Natürlich schuldest du dem Anwalt aus Vertragsverhältnis heraus für erbrachte Leistungen seine berechnete Vergütung. Und ohne Kostenzusage deiner RSV hättest du ihn garnicht erst für eine Beratung oder außergerichtliche Tätigkeit mandatieren dürfen.

Inwiefern eine Klage gegen die RSV zielführend wäre, vermag ich nicht zu beurteilen. Denn ob der Entwurf eines Aufhebungsvertrages überhaupt versichert ist, scheint mir sehr fraglich. AFAIK enthalten deren Bedingungen mehr Ausschlüsse als versicherte Risiken :-O

G imager761

Hi imager,

ein Arzt muss Patienten v o r h e r über selbst zu erstattende Untersuchungen / Therapien aufklären. Gilt das für einen Anwalt nicht auch?

@adavan

Adavan Du hast Recht. Der RA hätte mich informieren müssen. Was mich aber auf die Palme bringt ist sein Schreiben. "Wenn ich für sie eine Deckungszusage einhole, ist dies eine Tätigkeit, zu der ich nicht verpflichtet bin und für die mir eine Vergütung zusteht.
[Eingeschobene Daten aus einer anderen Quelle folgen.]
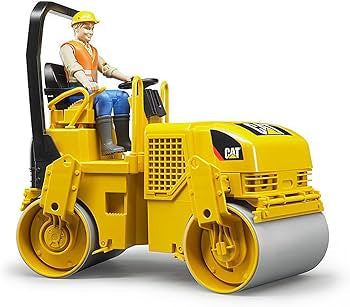 Our example of the Cat® Asphalt Drum Compactor is especially made for small construction sites and road work. Due to the sharp bend steering the Cat® Asphalt Drum Compactor has a narrow turn radius for manoeuvring well. Our toy is a true and detailed replica of the original, which is revealed in the hand brake and the bolts in the rollers. This small construction vehicle complements our construction machinery fleet perfectly. Play with it alongside our Cat® skid steer loader (art-no. 02481, 02482 USA) and the Schaeff mini excavator HR16 (art.-no. 02432) .
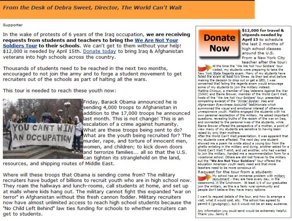 One of the refugees from IVAW sent me a fund raising letter he got from World Can’t Wait (the organization founded by a lifelong communist) a few months ago. They were trying to solicit $12,000 to send Matthis Chiroux around the country to interdict recruiters’ influence in schools. Here’s the main part of the letter;

Obwohl ich eine RS für Arbeitsrecht abgeschlossen habe und ihm meine Police der RSV vorliegt. Die Ausführungen von G imager 761 sind nicht schlüssig und verifiziert. Hier besteht offensichtlich eine standesrechtliche Fehlleistung dieses FA für Arbeitsrecht, den ich konsultiert habe. Jetzt weiss ich erst, warum Anwälte so geliebt werden..

@coachbella

ICh dachte, ich hätte klar gemacht, dass der Fehler bei Dir lag, oder? Du hast den Auftrag erteilt ohne klar zu machen, dass der Anwalt nur tätig werden soll, wenn die Versicherung die Deckungszusage erteilt!

@SaVer79

Ich habe gesagt, der RA soll die Kosten mit der RSV abrechnen. Deutlicher kann man es ja wohl nicht sagen.

@coachbella

Doch....im Normalfall ruft man entweder selber seine Versicherung an und klärt ab, ob die das zahlen, oder aber man sagt zu dem Anwalt, er solle sich mit der VErsicherung in Verbindung setzen und klären, ob die das zahlen....und dann auch erst tätig werden, wenn die Versicherung die Kostenübernahme zusagt!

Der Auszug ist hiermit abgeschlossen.